■ **Task objective**
Working from the records below, repeat exactly the lines starting at the line that contains "GREY P-50 (20x21,5)" and ending at the line that contains "Fig. 195 Zell, Filialkirche, Statue", inclusive.

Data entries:
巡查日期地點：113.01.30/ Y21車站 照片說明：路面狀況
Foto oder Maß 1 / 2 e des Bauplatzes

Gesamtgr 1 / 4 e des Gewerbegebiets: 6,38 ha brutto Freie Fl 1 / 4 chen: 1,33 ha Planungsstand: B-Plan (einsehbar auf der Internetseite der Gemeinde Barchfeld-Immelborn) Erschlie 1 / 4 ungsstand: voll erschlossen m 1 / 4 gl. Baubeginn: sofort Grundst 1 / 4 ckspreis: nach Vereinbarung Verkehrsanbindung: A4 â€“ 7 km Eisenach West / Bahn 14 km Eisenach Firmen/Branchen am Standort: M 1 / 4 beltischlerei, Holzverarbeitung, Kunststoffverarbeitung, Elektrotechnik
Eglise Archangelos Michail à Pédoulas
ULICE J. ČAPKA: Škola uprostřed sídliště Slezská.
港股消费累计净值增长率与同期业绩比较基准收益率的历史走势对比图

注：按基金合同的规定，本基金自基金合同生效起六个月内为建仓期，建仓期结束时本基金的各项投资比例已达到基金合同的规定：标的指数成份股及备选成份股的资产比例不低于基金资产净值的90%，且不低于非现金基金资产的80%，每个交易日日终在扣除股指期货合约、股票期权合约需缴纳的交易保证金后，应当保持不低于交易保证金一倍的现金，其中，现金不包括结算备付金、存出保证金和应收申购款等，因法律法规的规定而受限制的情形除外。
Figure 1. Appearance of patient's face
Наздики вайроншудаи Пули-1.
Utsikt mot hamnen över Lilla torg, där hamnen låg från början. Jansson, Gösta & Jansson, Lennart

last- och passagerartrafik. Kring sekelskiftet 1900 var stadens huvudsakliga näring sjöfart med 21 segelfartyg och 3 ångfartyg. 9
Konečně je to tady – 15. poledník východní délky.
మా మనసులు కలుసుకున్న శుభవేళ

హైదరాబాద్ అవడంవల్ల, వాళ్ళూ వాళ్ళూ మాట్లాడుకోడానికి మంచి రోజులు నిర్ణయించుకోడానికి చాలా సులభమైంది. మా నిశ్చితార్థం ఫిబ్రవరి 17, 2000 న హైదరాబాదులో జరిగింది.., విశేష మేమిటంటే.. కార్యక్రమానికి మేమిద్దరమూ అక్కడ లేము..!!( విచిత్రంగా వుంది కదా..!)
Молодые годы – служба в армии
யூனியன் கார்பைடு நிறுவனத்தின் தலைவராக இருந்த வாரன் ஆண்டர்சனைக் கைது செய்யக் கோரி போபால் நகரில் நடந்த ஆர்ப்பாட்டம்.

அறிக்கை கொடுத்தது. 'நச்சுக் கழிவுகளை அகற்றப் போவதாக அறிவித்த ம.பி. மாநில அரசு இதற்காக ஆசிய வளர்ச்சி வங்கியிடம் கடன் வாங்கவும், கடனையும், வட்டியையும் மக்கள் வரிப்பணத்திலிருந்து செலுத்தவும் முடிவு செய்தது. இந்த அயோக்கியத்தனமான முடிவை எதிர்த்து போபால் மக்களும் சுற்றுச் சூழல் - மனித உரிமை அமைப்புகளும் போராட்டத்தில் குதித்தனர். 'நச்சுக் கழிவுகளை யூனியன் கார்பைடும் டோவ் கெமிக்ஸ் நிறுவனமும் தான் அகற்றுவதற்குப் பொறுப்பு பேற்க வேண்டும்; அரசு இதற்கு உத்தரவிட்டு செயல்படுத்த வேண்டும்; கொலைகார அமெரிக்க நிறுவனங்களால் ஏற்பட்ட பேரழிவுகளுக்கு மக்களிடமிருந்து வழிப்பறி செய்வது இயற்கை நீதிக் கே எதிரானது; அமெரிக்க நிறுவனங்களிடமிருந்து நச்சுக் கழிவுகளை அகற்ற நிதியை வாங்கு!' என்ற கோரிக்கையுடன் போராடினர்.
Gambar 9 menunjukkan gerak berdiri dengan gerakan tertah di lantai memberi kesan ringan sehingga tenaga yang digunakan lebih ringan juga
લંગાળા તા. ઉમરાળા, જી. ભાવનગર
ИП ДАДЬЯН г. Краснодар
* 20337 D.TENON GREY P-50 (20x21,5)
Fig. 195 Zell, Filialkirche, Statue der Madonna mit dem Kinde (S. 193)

* * *

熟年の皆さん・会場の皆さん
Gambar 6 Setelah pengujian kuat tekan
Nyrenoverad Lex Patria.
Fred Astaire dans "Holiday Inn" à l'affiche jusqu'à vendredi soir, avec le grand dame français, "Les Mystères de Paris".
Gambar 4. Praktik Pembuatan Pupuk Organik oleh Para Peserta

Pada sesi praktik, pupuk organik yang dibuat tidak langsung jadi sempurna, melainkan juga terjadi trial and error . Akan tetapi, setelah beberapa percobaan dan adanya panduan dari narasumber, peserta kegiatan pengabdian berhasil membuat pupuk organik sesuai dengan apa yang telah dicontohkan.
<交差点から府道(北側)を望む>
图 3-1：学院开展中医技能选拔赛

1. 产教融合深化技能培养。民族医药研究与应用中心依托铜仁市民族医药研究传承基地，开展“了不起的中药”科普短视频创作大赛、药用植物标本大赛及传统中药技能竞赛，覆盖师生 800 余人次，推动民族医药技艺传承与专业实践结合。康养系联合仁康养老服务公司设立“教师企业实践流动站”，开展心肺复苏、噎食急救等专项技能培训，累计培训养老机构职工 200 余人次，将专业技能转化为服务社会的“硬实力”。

■ **Output of the exercise**
* 20337 D.TENON GREY P-50 (20x21,5)
Fig. 195 Zell, Filialkirche, Statue der Madonna mit dem Kinde (S. 193)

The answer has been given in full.